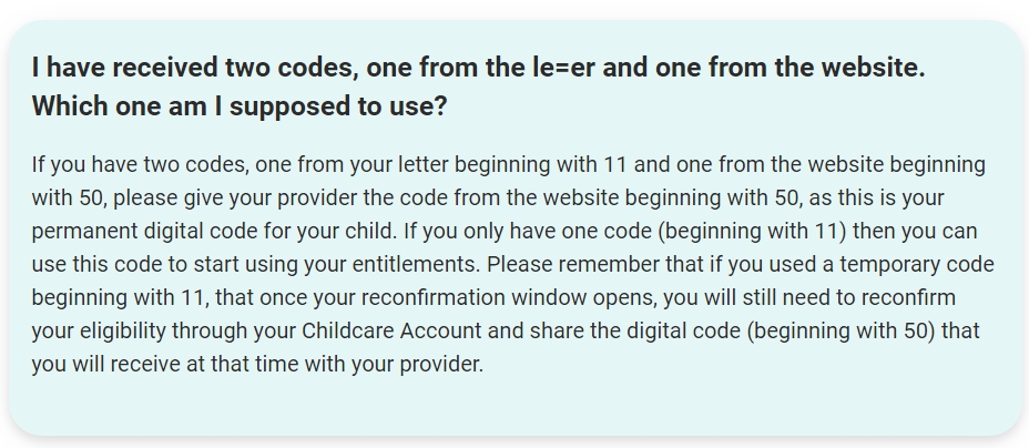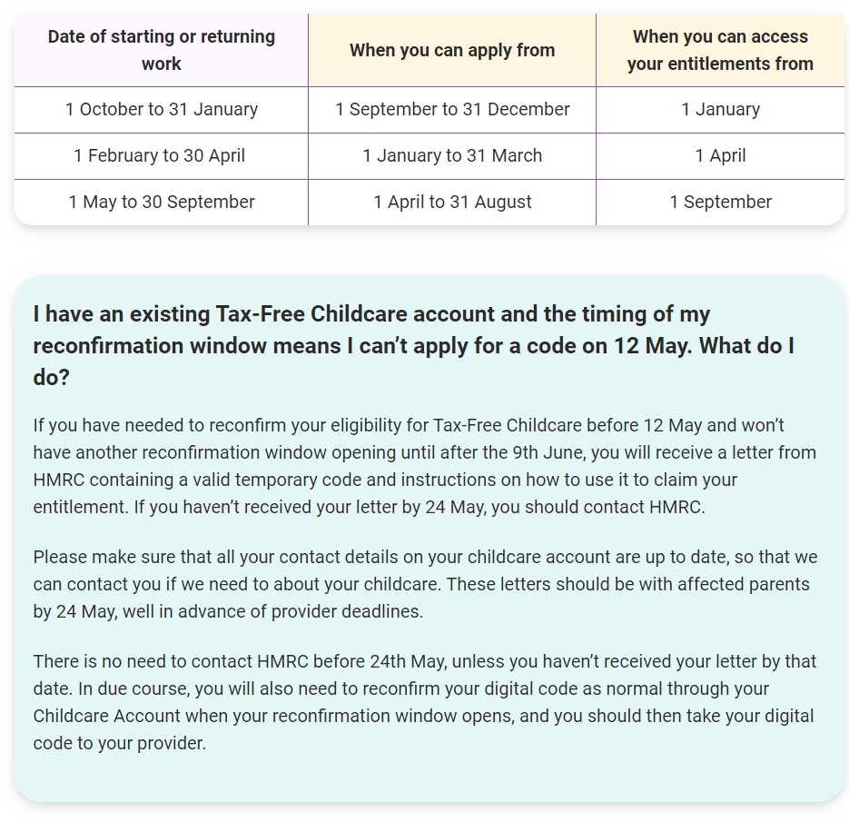 Some parents with existing Tax-Free Childcare accounts may have reconfirmation windows opening before 9th June. If this is you, you will not receive a letter as your reconfirmation window will open in good time for you to register for a code digitally and give it to your provider. We’re confident that all parents will be able to get codes by the time they need them, and there is no limit on the number of codes available.
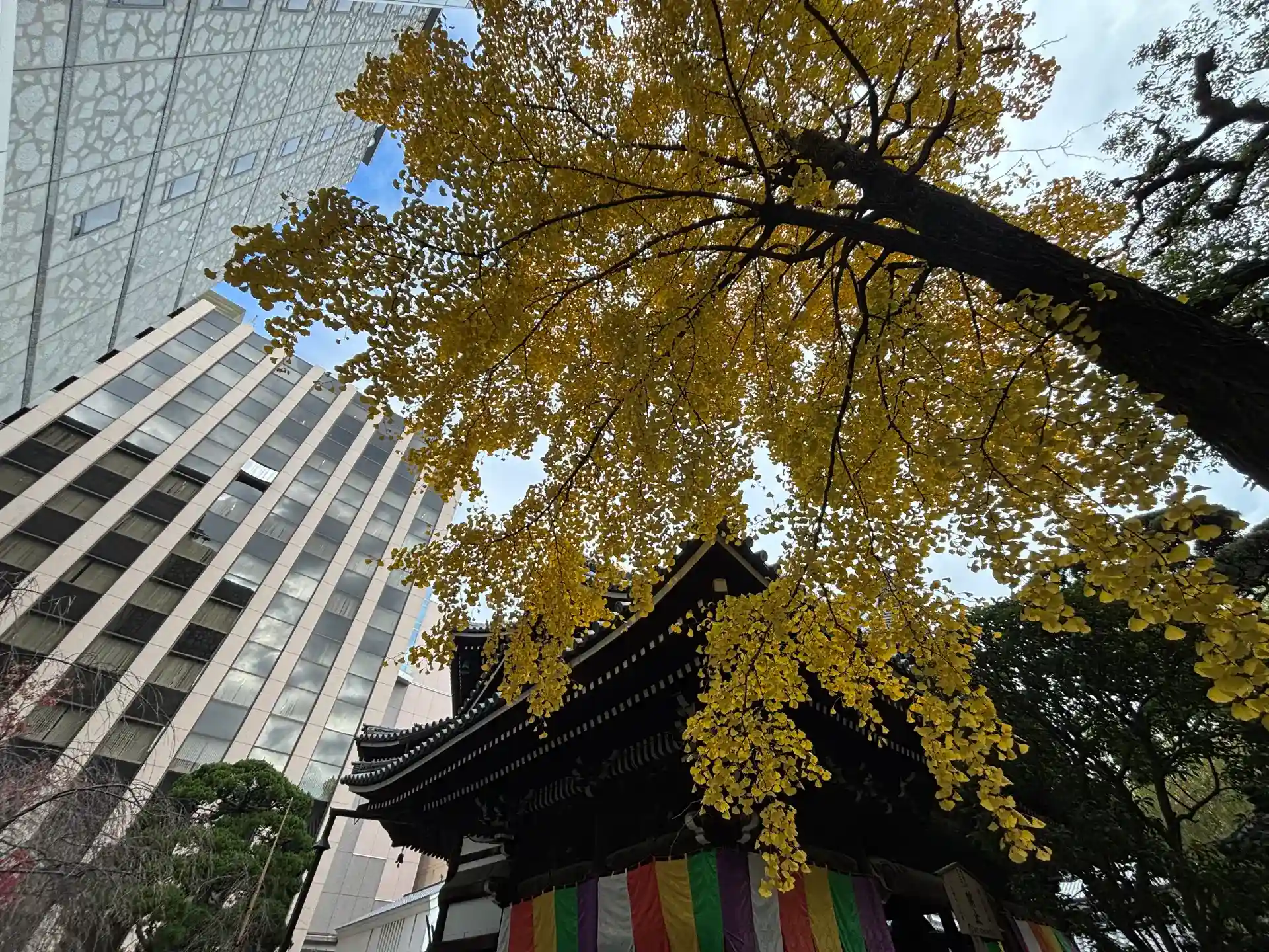 紅葉も終盤。銀杏と本堂を入れたくて思いっきり煽って撮影してみた。
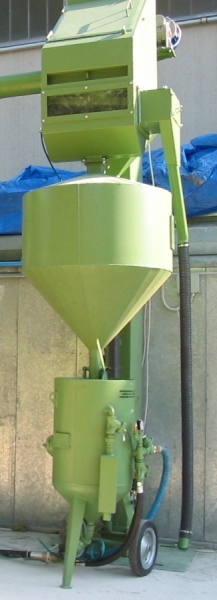 Um seleccionador pneumático de 3 selecções ligado ao filtro de pó, depura o abrasivo metálico e sintético de qualquer granulometria e de qualquer corpo estranho.
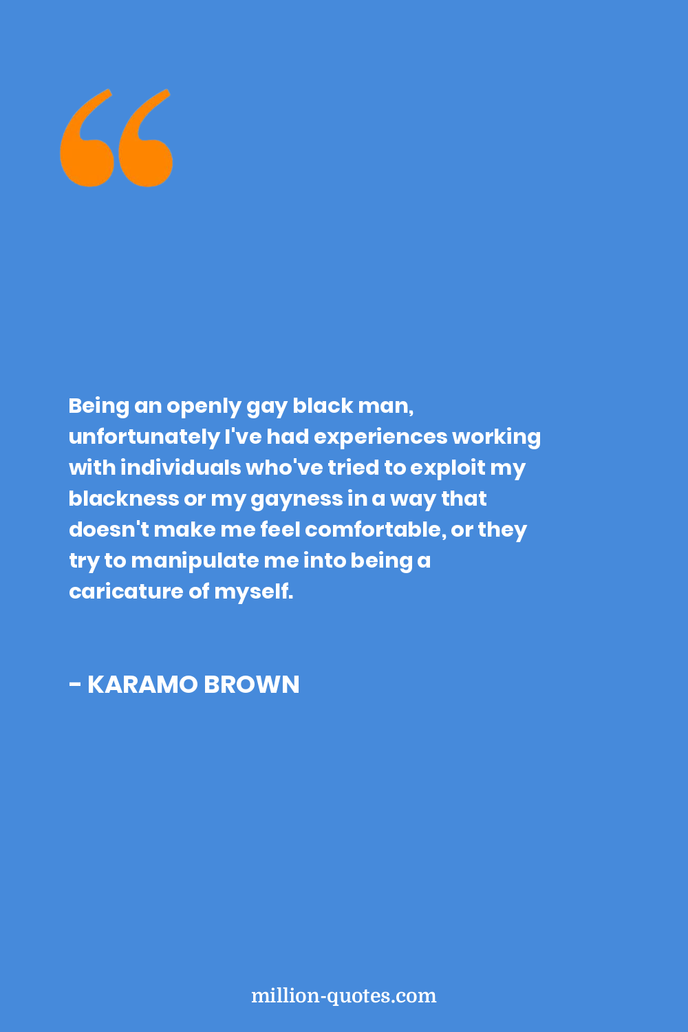 Being an openly gay black man, unfortunately I've had experiences working with individuals who've tried to exploit my blackness or my gayness in a way that doesn't make me feel comfortable, or they try to manipulate me into being a caricature of myself.

## Problem statement:
Every line above should be transcribed word for word; leave the pictures out.

## Result below:
 Some parents with existing Tax-Free Childcare accounts may have reconfirmation windows opening before 9th June. If this is you, you will not receive a letter as your reconfirmation window will open in good time for you to register for a code digitally and give it to your provider. We’re confident that all parents will be able to get codes by the time they need them, and there is no limit on the number of codes available.
 紅葉も終盤。銀杏と本堂を入れたくて思いっきり煽って撮影してみた。
 Um seleccionador pneumático de 3 selecções ligado ao filtro de pó, depura o abrasivo metálico e sintético de qualquer granulometria e de qualquer corpo estranho.
 Being an openly gay black man, unfortunately I've had experiences working with individuals who've tried to exploit my blackness or my gayness in a way that doesn't make me feel comfortable, or they try to manipulate me into being a caricature of myself.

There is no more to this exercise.